Définitions et remarques préalables

Premier point : Avant de parler de quartier durable, il conviendrait tout d’abord de travailler à Bruxelles sur la notion de quartier en tant que telle. On est pas capable à Bruxelles de montrer un quartier nouveau, un développement urbain récent qui fasse référence tant à l’échelle bruxelloise qu’à une échelle européenne : je citerais le quartier Nord, le développement urbain autour de la dalle du Parlement européen, le quartier Midi, le Carrefour de l’Europe en face de la Gare Centrale. Je ne vois là aucun quartier qui fasse ville, aucune urbanité qui se dégage de ces nouveaux ensembles.

Il y a donc à Bruxelles tout une série de fondements même de ce qu’est « la fabrication » d’un quartier qui doivent être redéfinis et reconsidérés.

Un deuxième point qui découle du premier : un quartier durable est un label qui en soi ne devrait pas exister. C’est parce qu’il y a un déficit dans certains domaines qu’on est obligé de nommer les choses de manière spécifique. En effet, le fait de prendre en compte dans un projet de développement urbain tant les aspects sociaux, économiques, environnementaux que culturels devraient apparaître aux yeux de tous comme une évidence en soi, voir une banalité. Et il me semble donc qu’à Bruxelles, c’est parce que certains aspects ne sont pas pris en considération (et je renvoie aux exemples précités en mentionnant que les aspects les plus déficitaires c’est-à-dire finalement tous les aspects sauf l’aspect économique) que le label « quartier durable » devient nécessaire. Il est nécessaire tant pour introduire l’idée de performance et de durabilité des bâtiments que pour recadrer les manières d’aménager de nouveaux quartiers, que ce soit sur l’angle urbanistique ou sous l’angle du processus même de conception.

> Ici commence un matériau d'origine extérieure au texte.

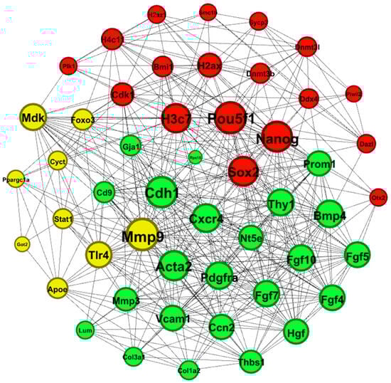 - Jeong, H.-S.; Bhin, J.; Joon Kim, H.; Hwang, D.; Ryul Lee, D.; Kim, K.-S. Transcriptional regulatory networks underlying the reprogramming of spermatogonial stem cells to multipotent stem cells. Exp. Mol. Med. 2017, 49, e315. [Google Scholar] [CrossRef][Green Version]

Troisième point : La notion de quartier durable, si elle consiste à prendre en compte l’ensemble des aspects précités s’inscrit il me semble dans une tradition urbaine européenne de faire la ville. A toutes les époques, on a conçu et développé des quartiers en pensant faire au mieux et ce n’est qu’avec le recul du temps qu’on a procédé à des évaluations – souvent négatives – de ce qui avait été fait par nos prédécesseurs. Je situerais donc la notion de « quartier durable » dans cette histoire urbaine de Bruxelles ou de toute ville européenne en disant que finalement la conception d’un tel type de quartier s’inscrit dans une histoire urbaine continue, avec « une couche en plus » qui serait donc cette plus grande prise en compte des aspects sociaux et environnementaux.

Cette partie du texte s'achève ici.